Système de gouvernance antidémocratique

Pour les écologistes, indique Benoit Hellings, la colonisation est par principe un système de gouvernance antidémocratique et raciste qui a engendré de façon structurelle des exactions diverses, sur lesquelles toute la lumière doit pouvoir être enfin faite. « L'objectif des auteurs de la présente résolution est d'offrir à la population belge en général et à ses représentants en particulier les moyens de prendre clairement et sereinement distance par rapport au principe de la colonisation. Notre démocratie a le devoir de tenir un langage de vérité à l’égard des populations des pays concernés, à l’égard de nos concitoyens originaires de nos anciennes colonies, ainsi qu’à l’égard de tous les peuples du monde qui partagent ou ont partagé un tel destin.
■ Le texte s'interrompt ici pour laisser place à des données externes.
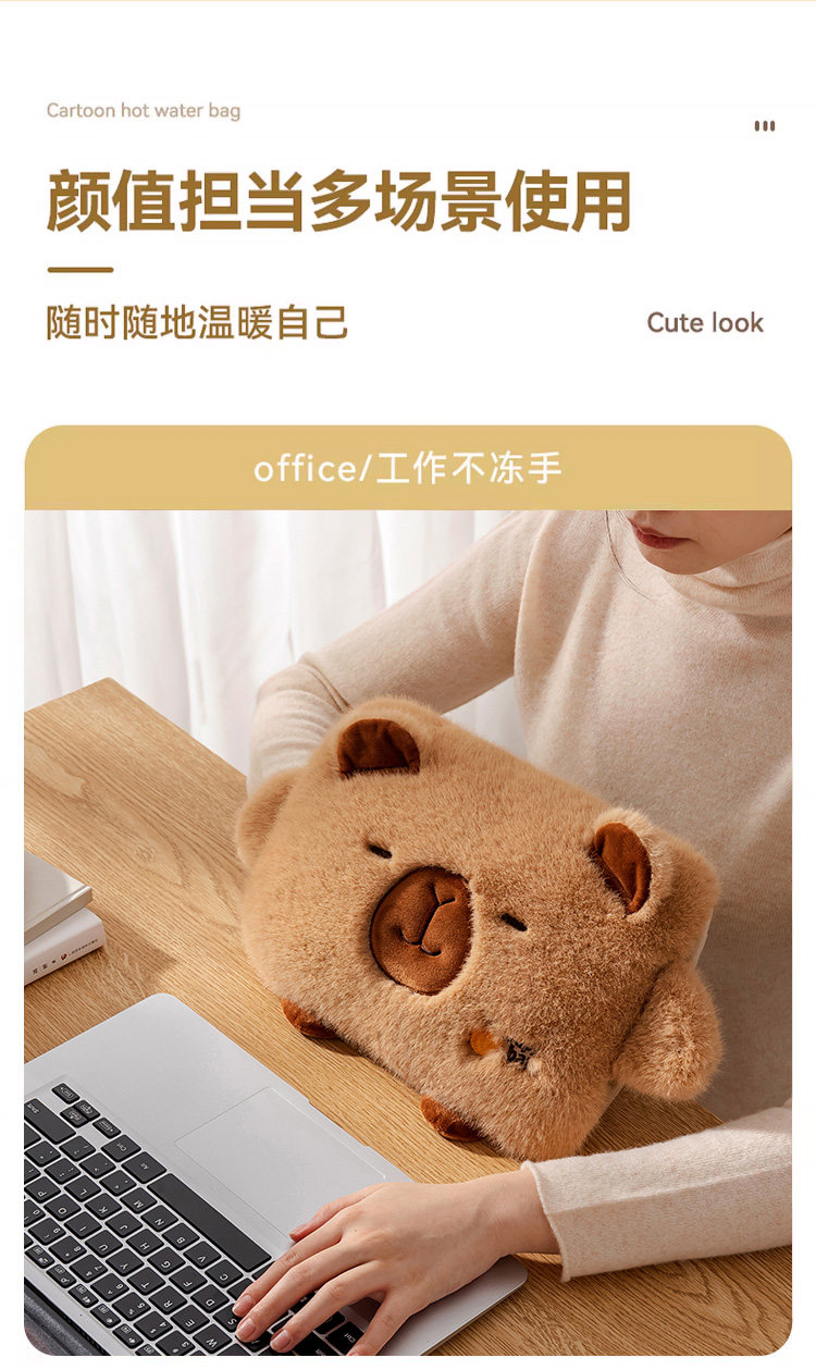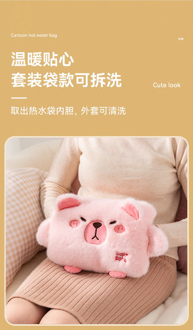 Rechargeable Hot Water Bottle, Cute Plush Hand Warmer, Warm Baby, Hot Compress for Girls, Water-Filled, Explosion-Proof Hot Water Bottle

Il s’agit également de tenir un langage de vérité à l’égard de l’ensemble de la population belge qui doit avoir conscience du passé dont elle est aujourd’hui, qu’elle le veuille ou non, la dépositaire », explique le député d’Ecolo. Pour atteindre cet objectif, propose-t-il, le gouvernement belge doit d’abord permettre de déclassifier toutes les archives, y compris les archives dites africaines des archives diplomatiques, les archives de l’Etat, les archives de la famille royale, les archives de la Sûreté de l’Etat et des services de renseignements militaires et tous les documents, quelle que soit leur forme, qui peuvent faire lumière sur la colonisation. « Il s’agit aussi de prendre les mesures nécessaires afin d’encourager les institutions privées (églises, entreprises, particuliers, etc) à conserver, inventorier et déclassifier les documents et éléments qui peuvent faire lumière sur la période coloniale. Si la Chambre constate, à un moment donné, que ce travail de recherche est entravé, les députés se réserveront le droit d’instaurer une commission d’enquête parlementaire », explique Benoit Hellings.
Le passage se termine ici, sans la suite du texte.